うーん。まあ個人差あるので問題とまではいいませんが。

私見としては、プロに重要なのはニーズを維持できるかで、若い感性で仕事取れるなら大丈夫、というか悩む意味がないです。仕事取れなければプロ失格なので。

むしろ若い向けに曲作ってた人が、時代に取り残される方が一般的な恐怖かなと。

 

まあここの趣旨は「大人になりきれない主人公」からの恋愛話への導入でしょうからうるさくは言わないですが、より自然な導入がないか考えたくはなりますねー。

 

今は若者受けする音楽で食っているが、本来はもっと大人向けの仕事が欲しい、とか。

 

>いつまでも子供のままのおじさんになっちゃったらきつすぎるでしょ。

少し長いですね。

「いつまでも子供のまま、おじさんになったらきつすぎるでしょ。」

 

>そして言う。

この一文は不要です。

後の「聞いた俺は」で読み取れるので。

 

>私、そういう響さん好きですし。

ここで「」を外すのは、いかにも「つぶやいた」感じで、雰囲気あっていいと思います。

 

>さらっと言おうとしていたくせに、徐々に顔が赤くなる気配を見せている。

 

よろしくないです。

「さらっと言おうとしていたくせに、真っ赤になっている。」

 

>なるべく自然に、相槌ついでに目線を下げて、メールチェックに注意を振り向ける。

 

動きを見せるなら、これより前に主人公がPC(スマホ?)に向かっている描写をしておくべきです。

 

> 温水が皿を鳴らす音がする。

風香の手が止まっている、という表現ですかね?

うーん。「温水がシンクを叩く音」の方がわかりよいかも。

風香のドキドキ感にも通じますし。

 

>綾子さんが初恋だった俺が言うのもなんだけれど

「なんだが」ですね。

 

>だが、恐らく気の迷いなどではない。

ここまで説明があって、「恐らく」もないでしょう。

「しかし、残念だが気の迷いではない」とかの方が。

 

>食い下がる風香に譲歩する形でやり取りをし

何を譲歩したのかわかりません。

設定があるなら開示すべきですし、ないなら削除すべきです。

この一文を抜いても話は成立します。

 

>その甲斐あってか、風香の方から俺に話しかけてくる回数は徐々に減っていった。

引っ越し後の話ですよね?

二人の物理的距離を説明して、それを理由に充てた方がわかりやすいです。そもそも話しかけられる距離にいないんですし。

 

>風香のことは九歳の頃から知っている。そんな相手を、恋愛対象として見ろというのは無理な話だ。

 

それ以前に、十四歳は犯罪です。

 

>どんなふうに十代二十代の時間が曲がりうるか

「時間」は不適切な気がします。

私なら「人生」か「感性」ですかねえ。

 

>俺は自分のことがあまり好きではないけれど

ここまでの口調を見るに、「ないが」の方がよいと思います。

 

>けれど、風香は諦めてはいなかったらしい。

「らしい」は不要です。

 

>去年度末。

「昨年度末」が正しいかと。

 

>独り立ちすることを目指して仕事を続け、生活も安定してきた折。

ここで綾子の会社との関係、作曲家としての立場(成功など)を描くべきです。

 

>俺のマンションからそう遠くない校舎に通う

「校舎」は「大学」の方が。

 

>『忙しいって聞いてます。家事代わりにやるので、勉強部屋として使わせてもらっていいですか』

 

うん? 主人公は遠方に引っ越して、それを追って風香も大学を選んだと思ってましたが、勉強部屋ってことは、実家にそこそこ近い距離なんですかね。一人暮らしとかせずに?

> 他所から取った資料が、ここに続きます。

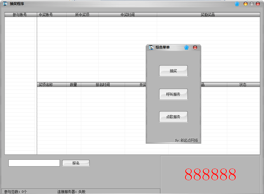 新起点网吧工具是一款网吧全方面应用软件,功能有呼叫网管,呼叫服务员,技术员等,同时带有抽奖系统,歌曲上传系统,网吧公告等。
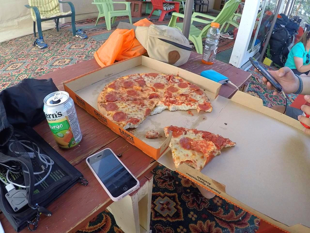 슬슬 배가 고파온다. 오늘 저녁은 지기 앤 베어의 공짜 피자에 1달러 주고 산 망고주스! 식은 피자이기는 하지만 PCT 하이커가 가릴 것이 무엇이 있겠는가. 망고주스와 함께 정신없이 피자를 뜯는다. 그리고 매우 짠 치킨도 몇 조각 먹는다.

どれくらいの距離に引っ越したのか、情報がまるでないので想像が錯綜します。

 

>この時生じた懸念を、「流石にない」と切った自分の間抜けさには呆れる。

流石にないw

 

>落ち着いて話す時間も持てないまま、

いやいや。

茶とか普通に飲んでますやん。

 

>今に至る。

今って何月なんですかね。春からどれくらい経ってるんです?

 

>強制の一つもなく、純粋に自分のしたいように音楽を作ってみよう

 

こう考えるということは、強制されていたり、したいように音楽が作れなかったりしていたと察せられますが、その理由も書くべきでしょう。

 

>落ち着かない誰かとの同居かで暮らしていた

「落ち着かない誰かと暮らしていた」

 

>風香がペンを繰るように鍵盤を叩いてみたいと感じて、俺は作曲を再開したのだ。

 

これ、風香がペンで何をしているかによって印象が変わります。

宿題だったら「自由に」じゃないので意味不明ですが、お絵かきだったらなるほどなと。私なら「自由気ままにお絵描きする風香を見て」という風に書きますね。

 

>馬が合う、というのだろうか。

この状態を「馬が合う」とは言いづらいとこですねw

私なら「波長が合う」とかにしますか。

 

>ほんのかすかに立ち位置を調節する距離感にだけ、時の経過を感じる。

ここもぎこちない表現。

「ほんのかすかに気にする距離感に、時の流れを感じる。」

 

>ノートはめくって、白紙のページに移ればそれで済む。

ふむ?

候補を書いたページは捨てる的な意味合いですか?

印のつけられた流れとか心情は理解できますが、ここだけ違和感。

「ノートはめくって、白紙のページに書き写せばそれで済む」ならわかります。

 

>ただ、言葉に印を付けられたことは、心に残る。

>風香の気配と音が、俺の頭の中の世界に、影響を与えているみたいに。

 

ここら辺の展開はいいと思います。共感できます。

 

>――いつか、白旗を上げる時が来るだろうか?

 

そもそもまず、風香に女性を感じてるかどうかという話だと思うのですが。

 

>深く潜った忘我の縁、意識の端で、浮かんだ益体もない疑問をもてあそぶ。

 

全然忘我じゃない!w

 

>その時はまず、信頼を裏切った綾子さんに謝らなければならないだろう。

 

どう見ても押し付ける気まんまんです。

 

>もしも、臆病な自分の大人としての意地が、風香の覚悟と執念に負かされる、そんな日が来たら――。

 

「臆病」は不要でしょう。臆病だから手を出してないわけでなし。

「覚悟」もいらないと思います。少なくとも小説上では覚悟は見えないので。

なので私なら、

「もしも、大人としての自分の意地が、風香の執念に負かされる、そんな日が来たら――。」

 

>でも、そして、その後は、影響に身を任せてみるのも、悪くないのだろうか。それこそ、子供にでもなったつもりで。


微妙な心の揺れ、という感じですね。

それをブラックのコーヒーで引き締め、不惑を目指す。

うん、ここから台詞を通じての終わり方は、綺麗にまとまっています。

読後感もとてもいいと思います。